Presonus Studio One music mixer - Can have multiple channels that can be output to devices. 30 channels.
Virtual Audio Cable - Used to create virtual devices that will get the output from the channels. 30 devices.
FFMpeg streaming - Used to create an RTP stream for each of the devices. 30 streams.
Is this a good idea? Are there other ways of doing this?
Any help will be appreciated.

Audio Capture and Mixing
First, you need to capture those six channels of audio into something you can use. I don't think your idea of virtual audio cables is sustainable. In my experience, once you get more than a few, they don't work so great. You need to be able to go from your mixer directly to what's doing the encoding for the stream, which means you need something like JACK audio.
There are two ways to do this.
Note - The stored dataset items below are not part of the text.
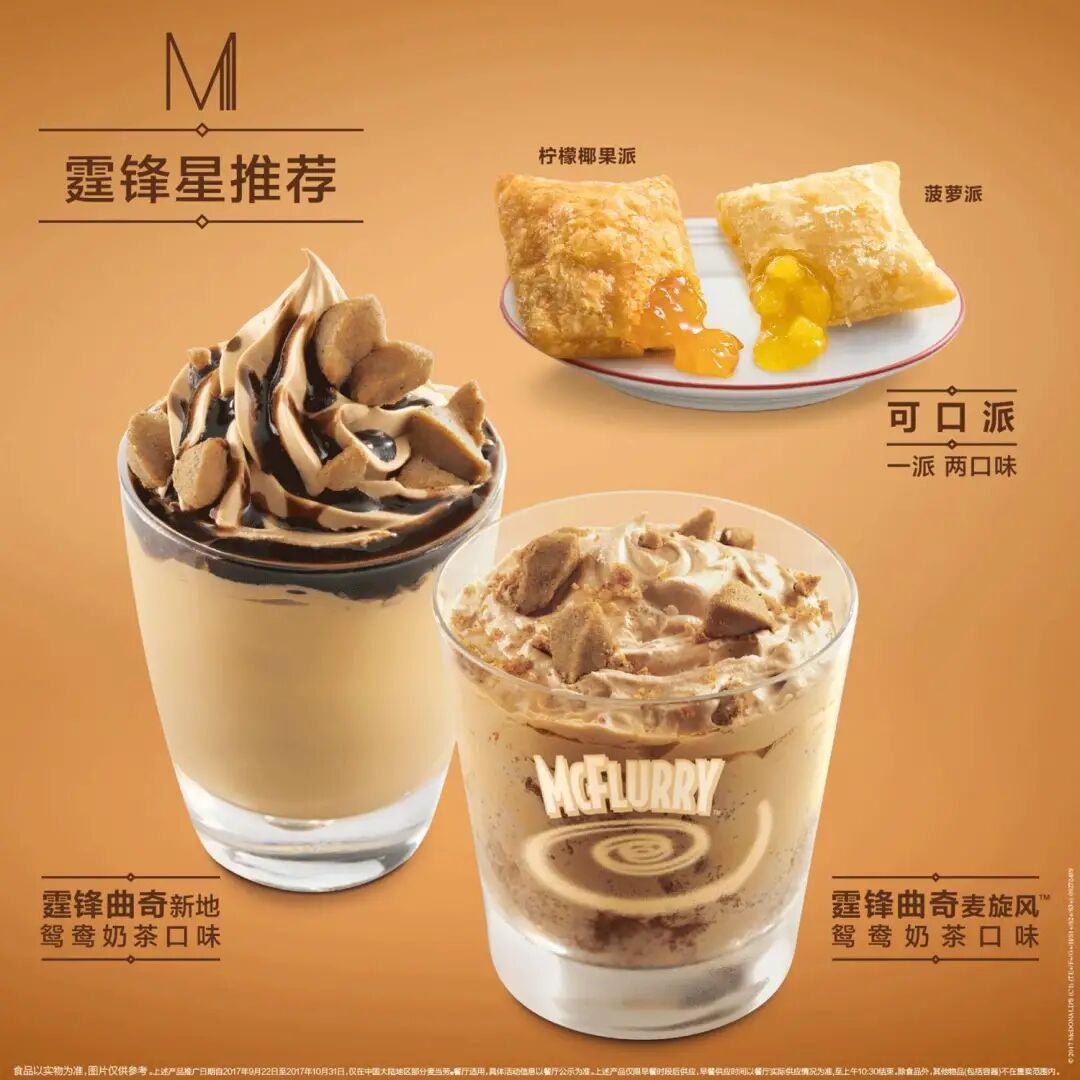 所幸还有“霆锋星推荐”的甜品系列来扳回一城,分别有鸳鸯奶茶口味的新地和麦旋风,撒上谢霆锋标志性的自创曲奇,味道贯彻了麦当劳一贯的甜品水准。此外,还有全新可口派、薯条就酱(田园芥末蜂蜜风味)和海盐柠檬苏打,都不过不失。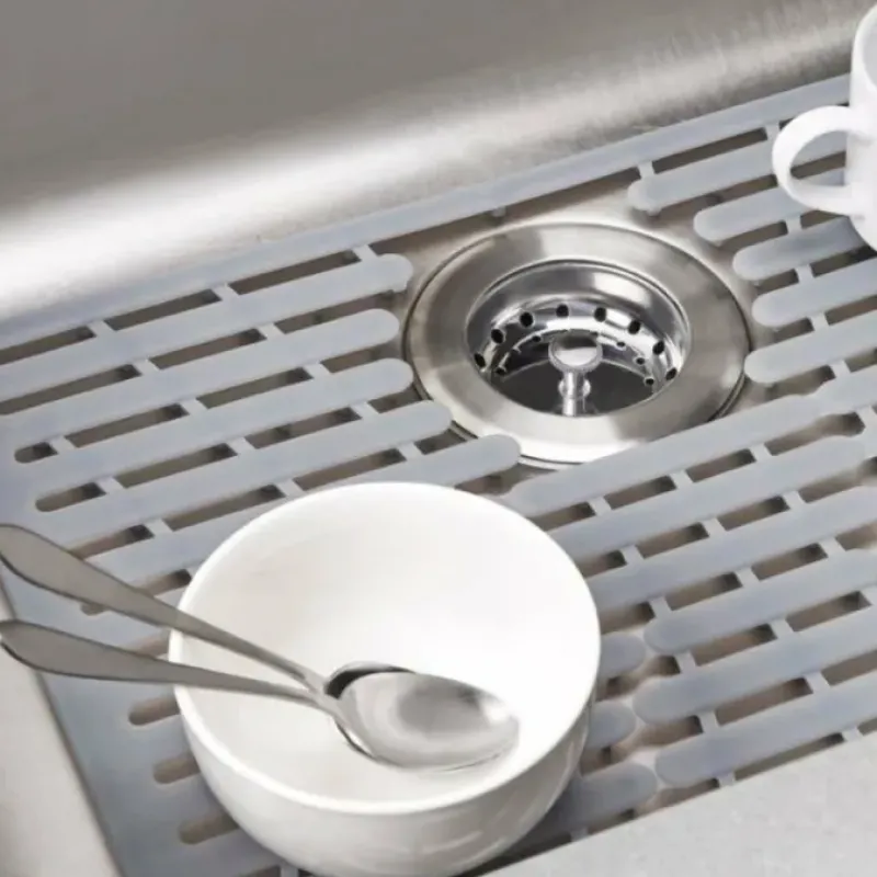 Designed to let air and water flow freely. If you want to have an opening around your drain. the Silicone Sink Mat has a convenient pattern that allows you to cut a hole exactly where you need it. whether your drain is in the center or the back of your sink. Also available in a larger size.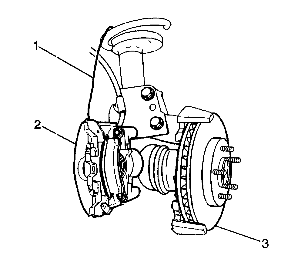 Notice: Support the brake caliper with heavy mechanic's wire, or equivalent, whenever it is separated from it's mount and the hydraulic flexible brake hose is still connected. Failure to support the caliper in this manner will cause the flexible brake hose to bear the weight of the caliper, which may cause damage to the brake hose and in turn may cause a brake fluid leak.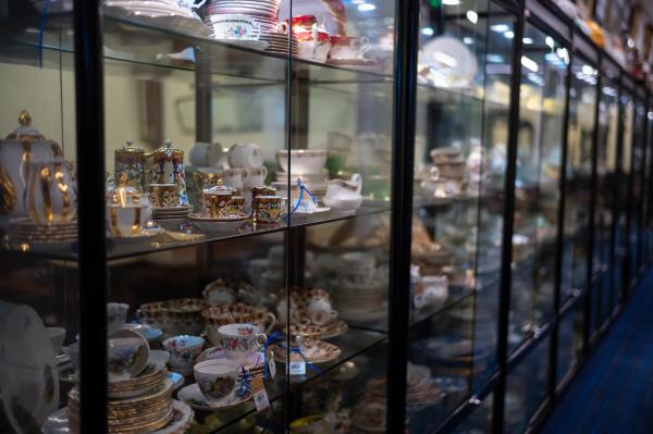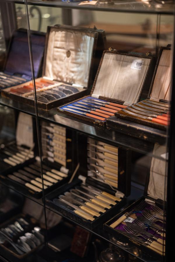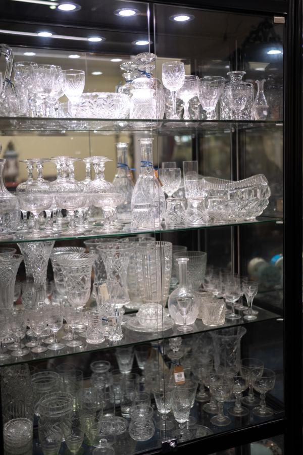 进入下一个展厅,最引人注目的是长达十几米的一大排陈列柜,里面分门别类地摆放了各种餐具。英国的骨瓷杯盘,东欧的水晶器皿,还有成套的银质餐刀餐具,让人叹为观止。

One is to use a digital mixer to create those 30 mixes for you, and send you the resulting stream. Another is to simply capture the 6 channels of audio and then do the mixing in software. Normally I think the flexibility of mixing externally is what you want, and typically I'd recommend the Behringer X32 series for you. I haven't tried it with JACK audio myself, but I've heard it can work and the price point is good. You can get just a rackmount package of it for cheap which has all the functionality without the surface for control (cheaper, and sufficient for what you need). However, the X32 only has 16 buses so you would need two of them to get the number of mixes you need. (You could get creative with the matrix mixes, but that only gets you 6 more, a total of 22.)
I think what you'll need to do is capture that audio and mix in software. You'll probably want to use Liquidsoap for this. It can programmatically mix audio streams pulled in via JACK, and create internet radio style streams on the output end.
Streaming
You're going to need a server. There are plenty of RTP/RTSP servers available, but I'd recommend Icecast. It's going to be easier to setup and clients are more compatible. (Rather than making an app for example, you could easily play back these streams in HTML5 audio tags on a web page.) Liquidsoap can send streams directly to Icecast.
Latency
Keeping latency under 2 seconds is going to be a problem. You'll want to lower the buffers everywhere you can, particularly on your Icecast server. This is on the fringe of what is reasonably possible, so you'll want to test to ensure the latency meets your requirements.
Network
100 clients on the same spectrum is also problematic. What you need depends on the specifics of your space, but you're right on the line of what you can get away with using regular consumer access points. Given your latency and bandwidth requirements, I'd recommend getting some commercial access points with built-in sector antennas and multiple radios. There are many manufacturers of such gear.
Best of luck with this unique project! Please post some photos of your setup once you've done it.

Related

How to stream the video from one PC to another with an acceptable quality and synchronization?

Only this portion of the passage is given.